**Data for analysis:**
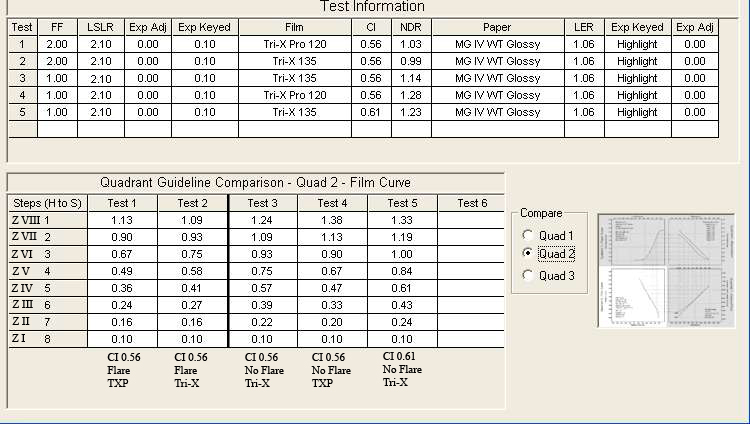 There's something else that I found interesting with these tests. The attachment "Density Comparison Tri-X and TXP" has the negative densities from five different scenarios. The first two are the same as the test above. The next two sets use the same materials except they don't incorporate flare which is more reflective of how the majority of people test.
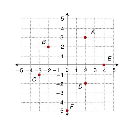 Lo que debo saberVersión en línea En esta actividad encontrarás un test con conocimientos del plano cartesiano y relaciones directas e inversas por monica castaño 1 El plano cartesiano tiene dos ejes. El eje horizontal corresponde a a Eje Y b Eje X c Eje X y Y d Eje vertical y horizontal 2 El plano cartesiano se divide en cuatro cuadrantes. Se deben enumerar a En sentido contrario de las manecillas del reloj b En sentido de las manecillas del reloj c Como se quiera enumerar d Los de arriba son II y III, los de abajo son I y IV 3 El punto E corresponde a a (0,4) b (0,0) c (4,0) d (4,4) 4 Las coordenadas del punto C son a (-3,1) b (1,3) c (-1,-3) d (-3,-1) 5 El punto B está en el cuadrante a I b II c III d IV 6 La gráfica muestra dos magnitudes que están relacionadas en forma a Directa b Inversa c Constante d Variable 7 En la gráfica la constante de proporcionalidad es a 10 b 1 c 5 d 2 8 la gráfica muestra una relación de porporcionalidad a Directa b Inversa c Constante d Variable 9 La constante de proporcionalidad es a 9 b 3 c 1 d 27 10 En la gráfica se muestra que la función es a Decreciente b Creciente c Constante d Variable
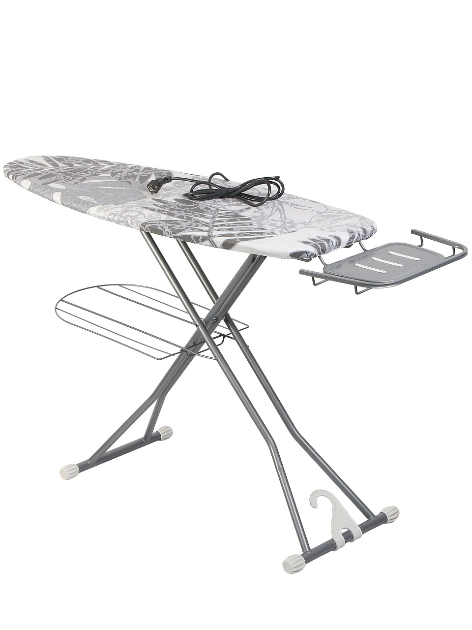Доска гладильная 129.5х46 см с подставкой для утюга, полкой для белья и удлинителем 3 м — максимум комфорта для быстрой глажки дома и на даче.
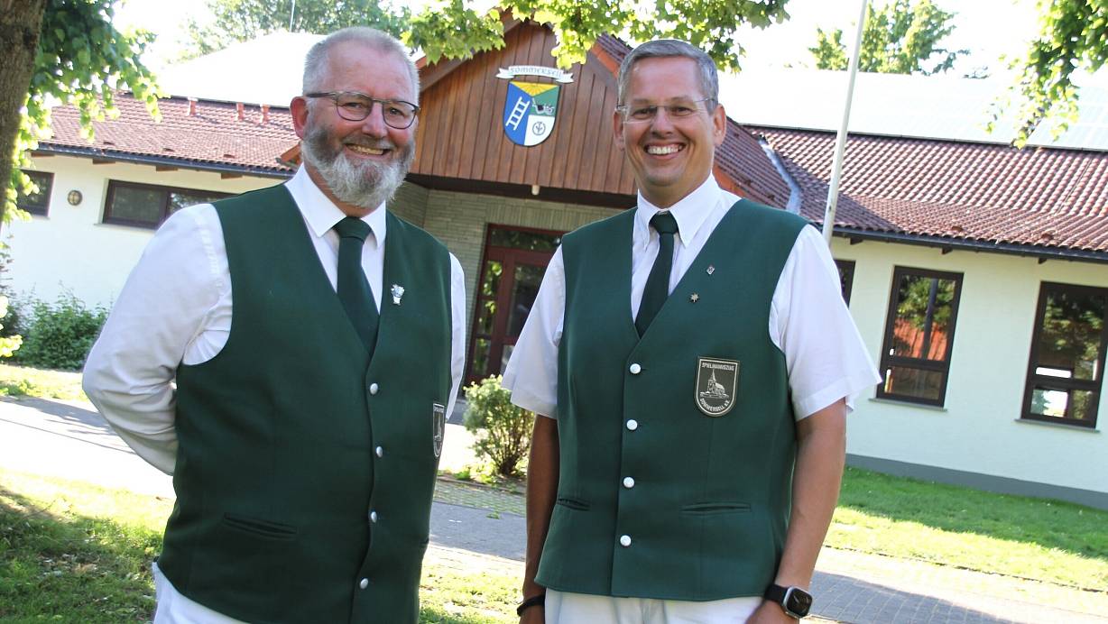 Bernd Unruhe (links) ist seit 50 Jahren Mitglied im Sommerseller Spielmannszug – ein Rekord. Das freut auch den Vereinsvorsitzenden Christian Pamme. Im örtlichen Dorfgemeinschaftshaus üben sie regelmäßig mit rund 30 weiteren Spielern ihre Lieder. Fotos (3): Madita Schellenberg | © Madita Schellenberg
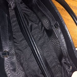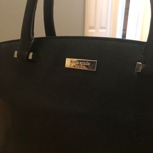 Black pebbled leather Kate Spade bag with silver hardware. Can worn as a shoulder bag or carried with shorter handles.
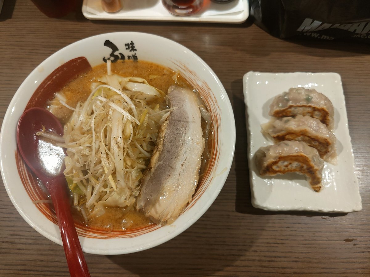 今夜は前にもポストした 味噌蔵ふくべえ🍜🥟 珠に味噌汁のようなスープがあるけど、つい飲み干してしまう←濃厚な味噌スープに北海道直送中太縮れ玉子麺にシャキシャキ国産野菜🍜🐎🐎―! オススメ!( ˘ω˘)b
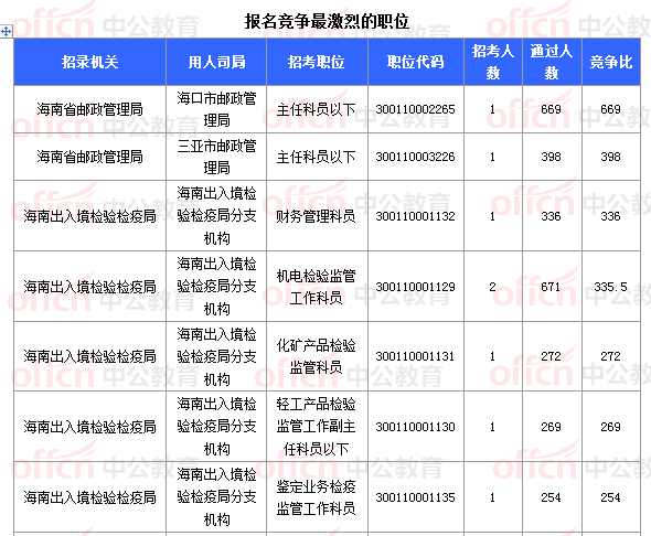 截止到8日17時30分,競爭比例的職位為海南省郵政管理局海口市郵政管理局主任科員以下一職,招錄1人,截止到8日17時30分通過人數(shù)為669人。
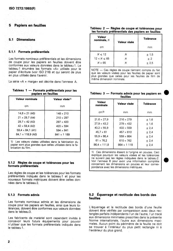 papier d'écriture (voir IS0 216) et qui seront de plus

**Task objective:** Return the entries above exactly and in full; do not include images.

**Your response:**
 There's something else that I found interesting with these tests. The attachment "Density Comparison Tri-X and TXP" has the negative densities from five different scenarios. The first two are the same as the test above. The next two sets use the same materials except they don't incorporate flare which is more reflective of how the majority of people test.
 Lo que debo saberVersión en línea En esta actividad encontrarás un test con conocimientos del plano cartesiano y relaciones directas e inversas por monica castaño 1 El plano cartesiano tiene dos ejes. El eje horizontal corresponde a a Eje Y b Eje X c Eje X y Y d Eje vertical y horizontal 2 El plano cartesiano se divide en cuatro cuadrantes. Se deben enumerar a En sentido contrario de las manecillas del reloj b En sentido de las manecillas del reloj c Como se quiera enumerar d Los de arriba son II y III, los de abajo son I y IV 3 El punto E corresponde a a (0,4) b (0,0) c (4,0) d (4,4) 4 Las coordenadas del punto C son a (-3,1) b (1,3) c (-1,-3) d (-3,-1) 5 El punto B está en el cuadrante a I b II c III d IV 6 La gráfica muestra dos magnitudes que están relacionadas en forma a Directa b Inversa c Constante d Variable 7 En la gráfica la constante de proporcionalidad es a 10 b 1 c 5 d 2 8 la gráfica muestra una relación de porporcionalidad a Directa b Inversa c Constante d Variable 9 La constante de proporcionalidad es a 9 b 3 c 1 d 27 10 En la gráfica se muestra que la función es a Decreciente b Creciente c Constante d Variable
Доска гладильная 129.5х46 см с подставкой для утюга, полкой для белья и удлинителем 3 м — максимум комфорта для быстрой глажки дома и на даче.
 Bernd Unruhe (links) ist seit 50 Jahren Mitglied im Sommerseller Spielmannszug – ein Rekord. Das freut auch den Vereinsvorsitzenden Christian Pamme. Im örtlichen Dorfgemeinschaftshaus üben sie regelmäßig mit rund 30 weiteren Spielern ihre Lieder. Fotos (3): Madita Schellenberg | © Madita Schellenberg
 Black pebbled leather Kate Spade bag with silver hardware. Can worn as a shoulder bag or carried with shorter handles.
 今夜は前にもポストした 味噌蔵ふくべえ🍜🥟 珠に味噌汁のようなスープがあるけど、つい飲み干してしまう←濃厚な味噌スープに北海道直送中太縮れ玉子麺にシャキシャキ国産野菜🍜🐎🐎―! オススメ!( ˘ω˘)b
 截止到8日17時30分,競爭比例的職位為海南省郵政管理局海口市郵政管理局主任科員以下一職,招錄1人,截止到8日17時30分通過人數(shù)為669人。
 papier d'écriture (voir IS0 216) et qui seront de plus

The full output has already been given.